- [LISTED RECORDS]

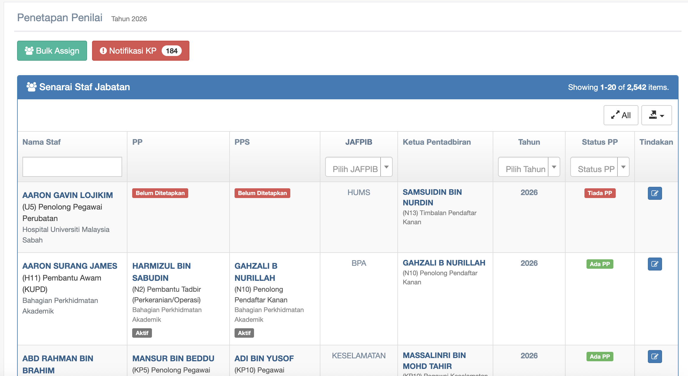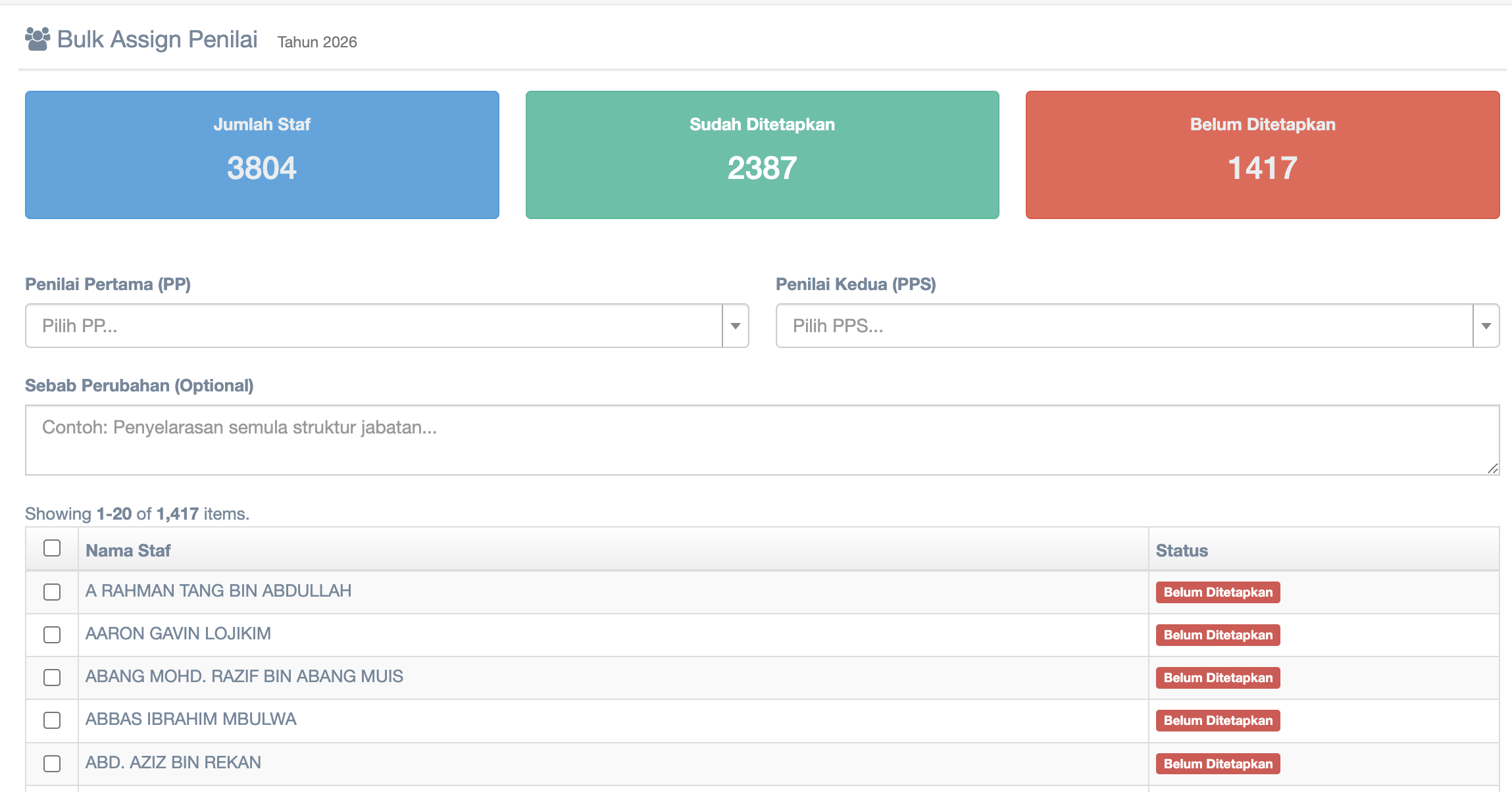 Bulk Assign Penilai
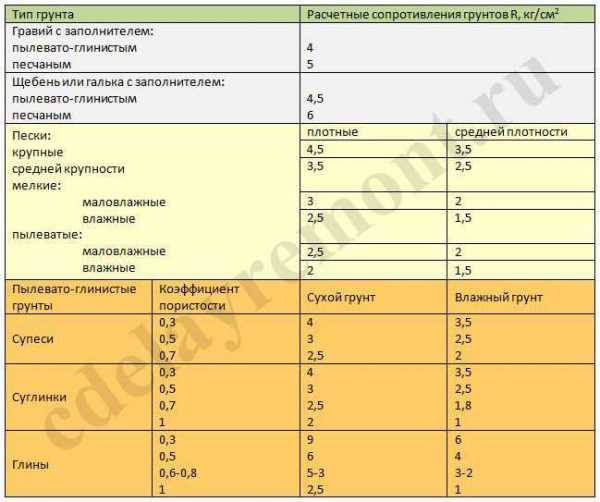 Если планируется заглублять фундамент на меньшую глубину, то придется дополнительно рассчитать сопротивление грунта по формуле, представленной здесь.
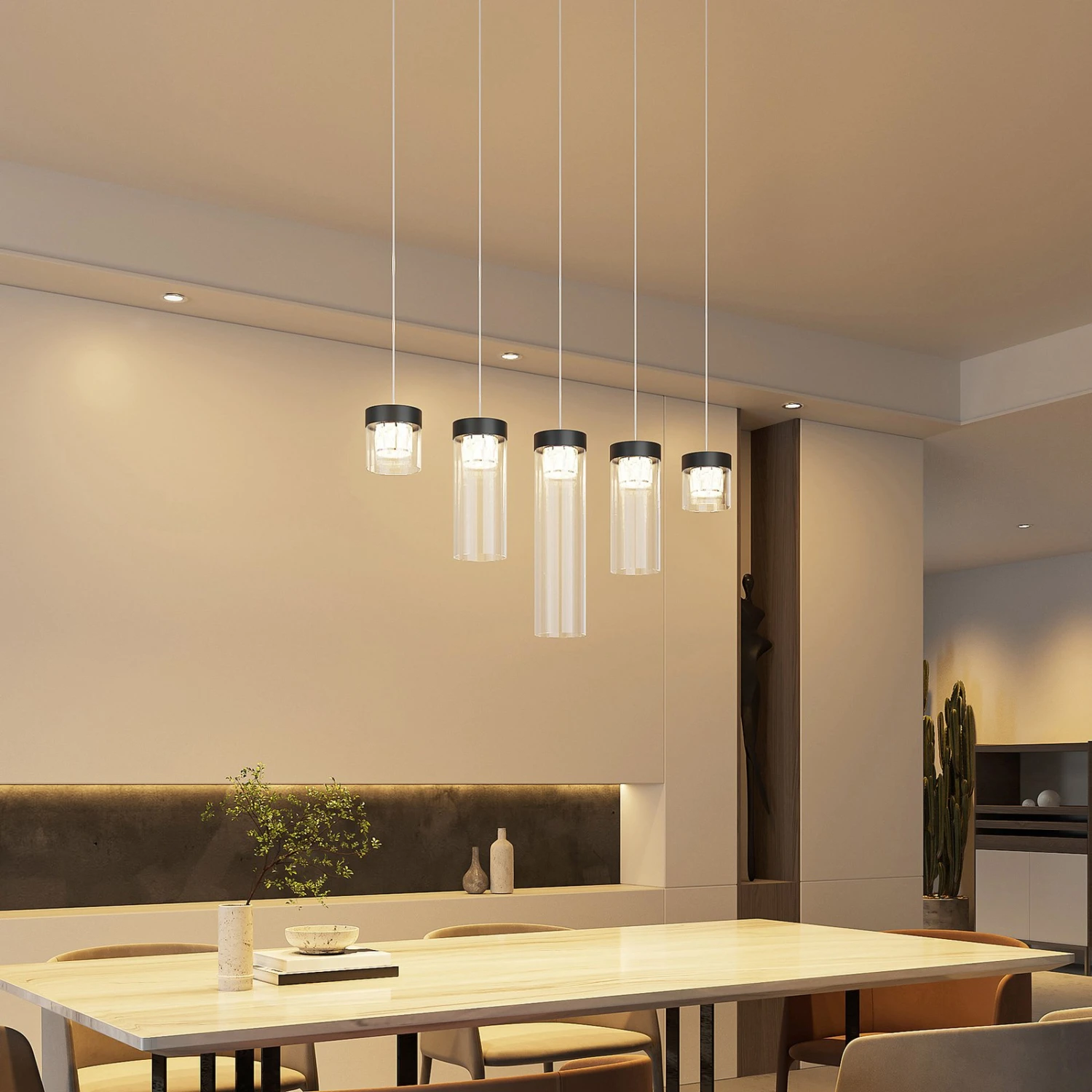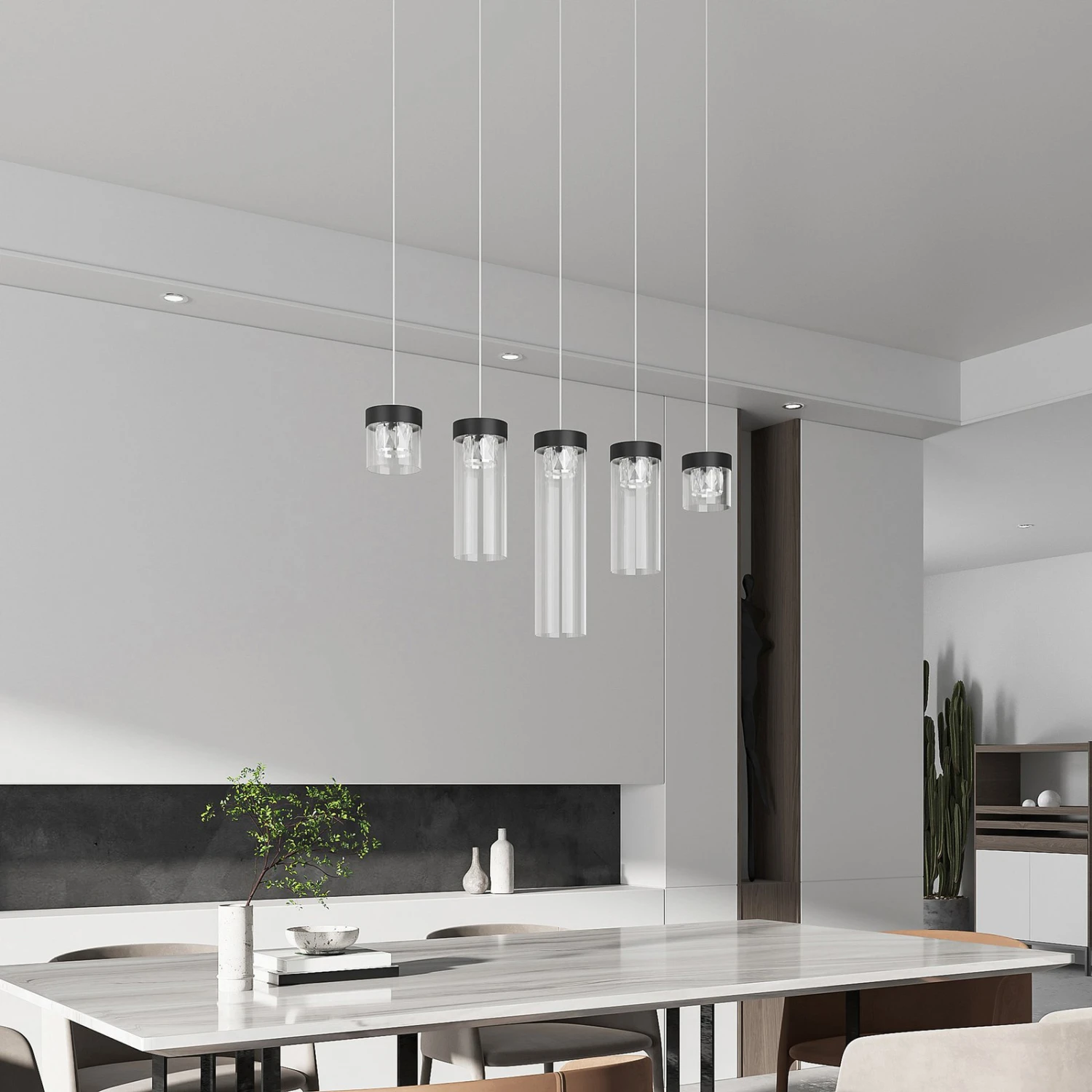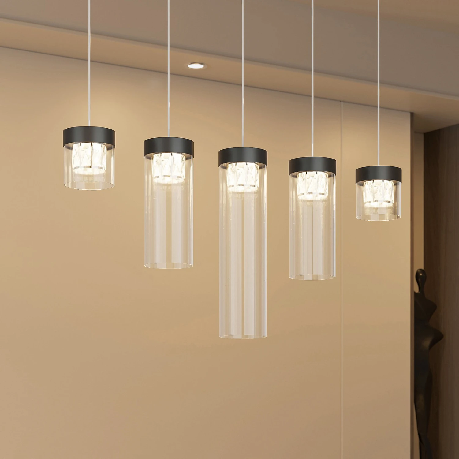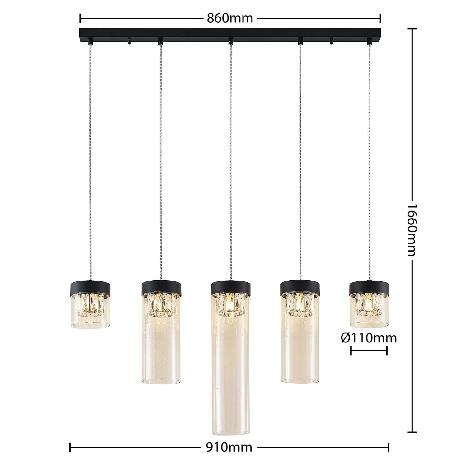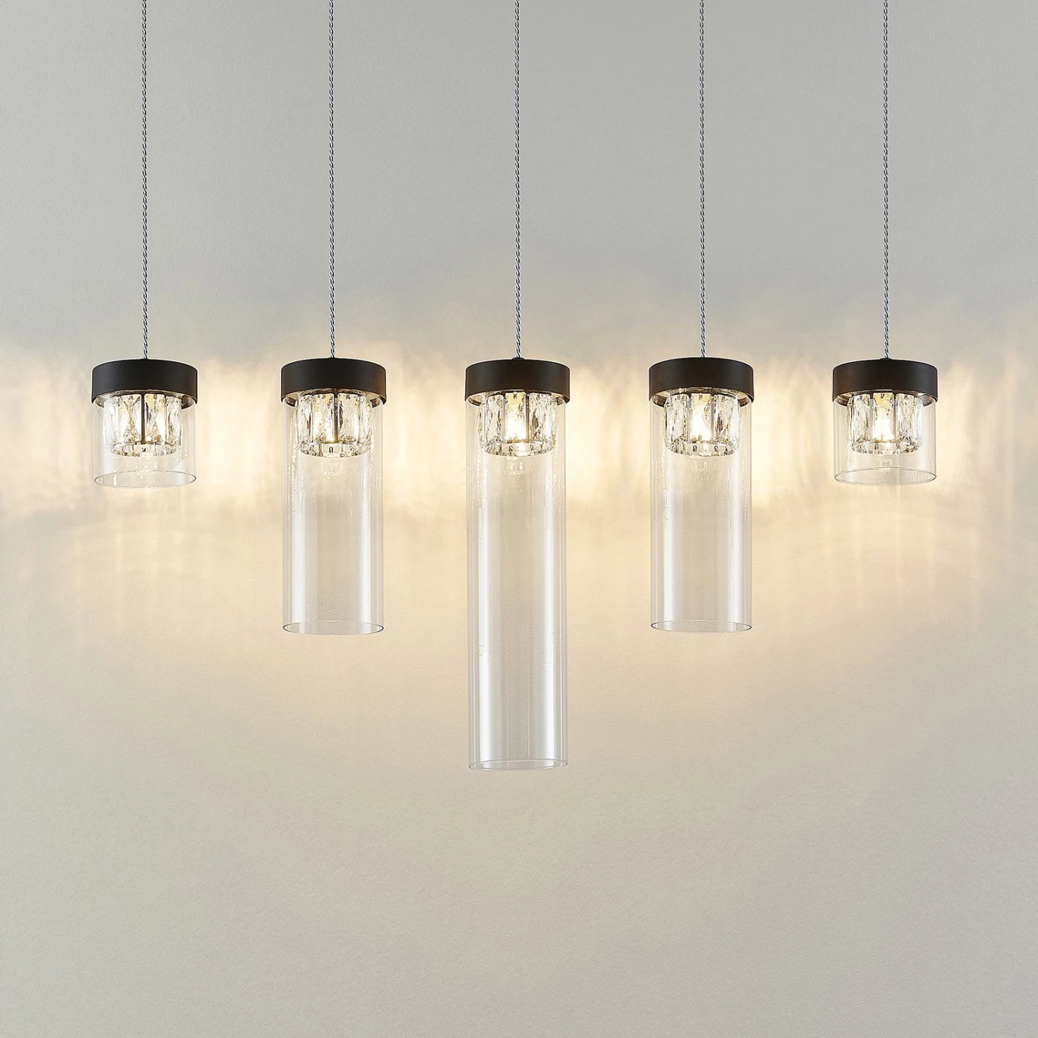 Hängeleuchte Imanu mit sechs Glasschirmen bietet eine gute Ausleuchtung
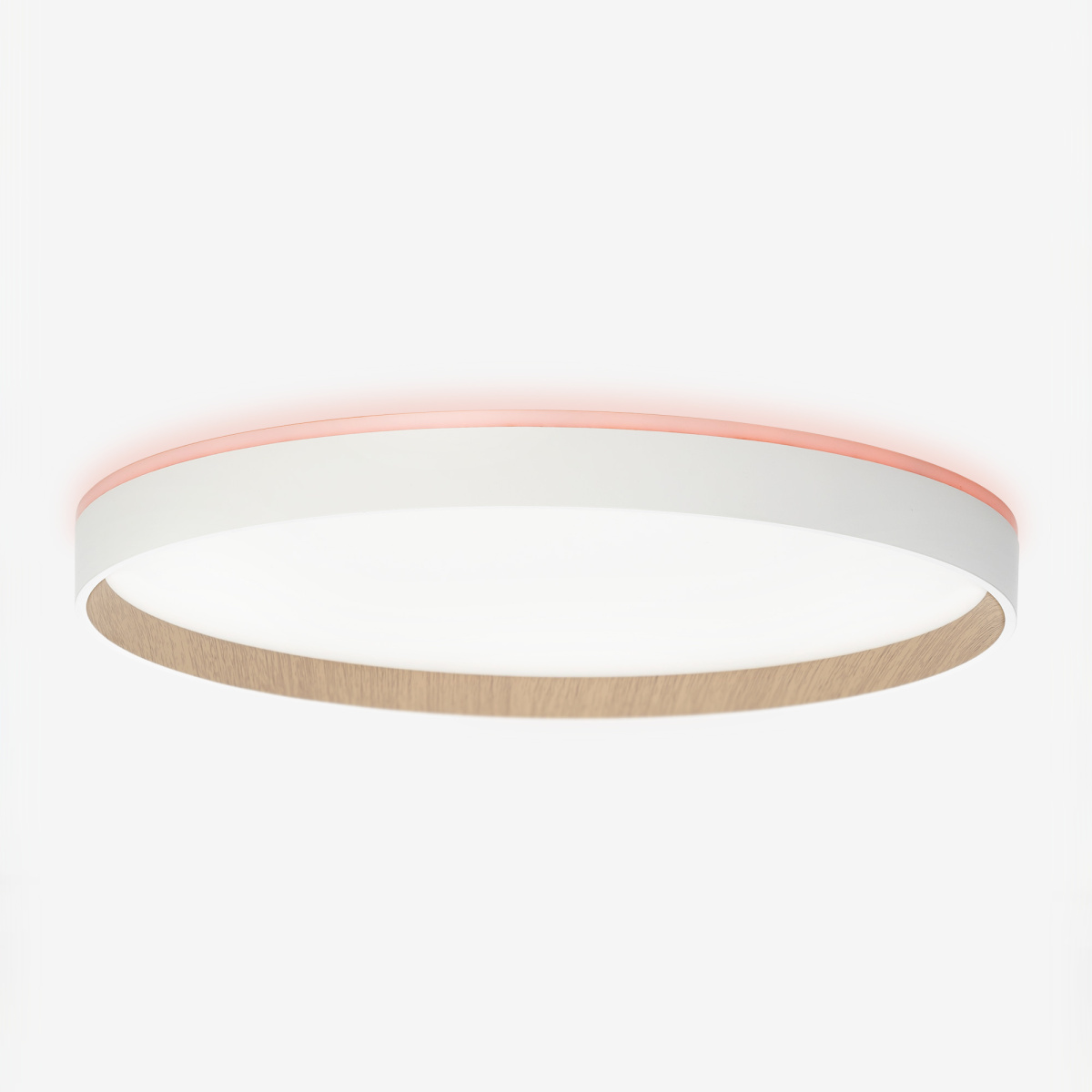 Настенно-потолочный светодиодный светильник Citilux ETALON CL750400R выполнен в современном скандинавском стиле. Корпус изготовлен из белого ударопрочного полимера с декоративным внутренним ободом под дерево (бук). Рассеиватель матовый из оптического полимера. Модель оснащена двумя светодиодными модулями – основного света и красочной потолочной RGB подсветки.
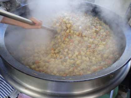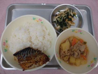 韓国では、ねぎ・にんにく・しょうが・唐辛子・ごま油などが体によいものとして、料理に多く使われます。辛みの強い料理も韓国料理の特徴です。今日の肉じゃがは、ねぎやにんにく・ごま油で香りをだし、トウバンジャンで辛みをつけました。トウバンジャンは唐辛子を使って作る調味料です。韓国風味を味わって食べてください。
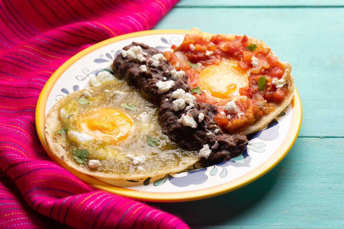Rojos, verdes o divorciados, cubiertos de queso fundido. Acompañados con queso, crema, cebolla, frijol y birote.
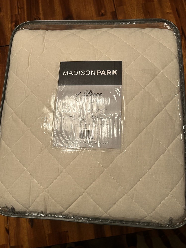 Create a luxurious sleeping environment with the Madison Park Ivory Miller Tailored Bedspread Set. This 4-piece bedding set includes a decorative pillow, quilt, and two standard shams. The diamond pattern adds a touch of elegance to any bedroom decor. The set is designed for a full/queen size bed and comes in a beautiful ivory color. It is perfect for anyone looking to add a touch of sophistication to their bedroom. Transform your bedroom into a cozy and comfortable retreat with this Madison Park bedding set.

- [WORK REQUIRED] Nothing but the lines above from the one that has "韓国では、ねぎ・にんにく・し" down to the one that has "Rojos, verdes o" belongs in the answer, copied exactly, without pictures.

- [SOLVED EXERCISE]
 韓国では、ねぎ・にんにく・しょうが・唐辛子・ごま油などが体によいものとして、料理に多く使われます。辛みの強い料理も韓国料理の特徴です。今日の肉じゃがは、ねぎやにんにく・ごま油で香りをだし、トウバンジャンで辛みをつけました。トウバンジャンは唐辛子を使って作る調味料です。韓国風味を味わって食べてください。
Rojos, verdes o divorciados, cubiertos de queso fundido. Acompañados con queso, crema, cebolla, frijol y birote.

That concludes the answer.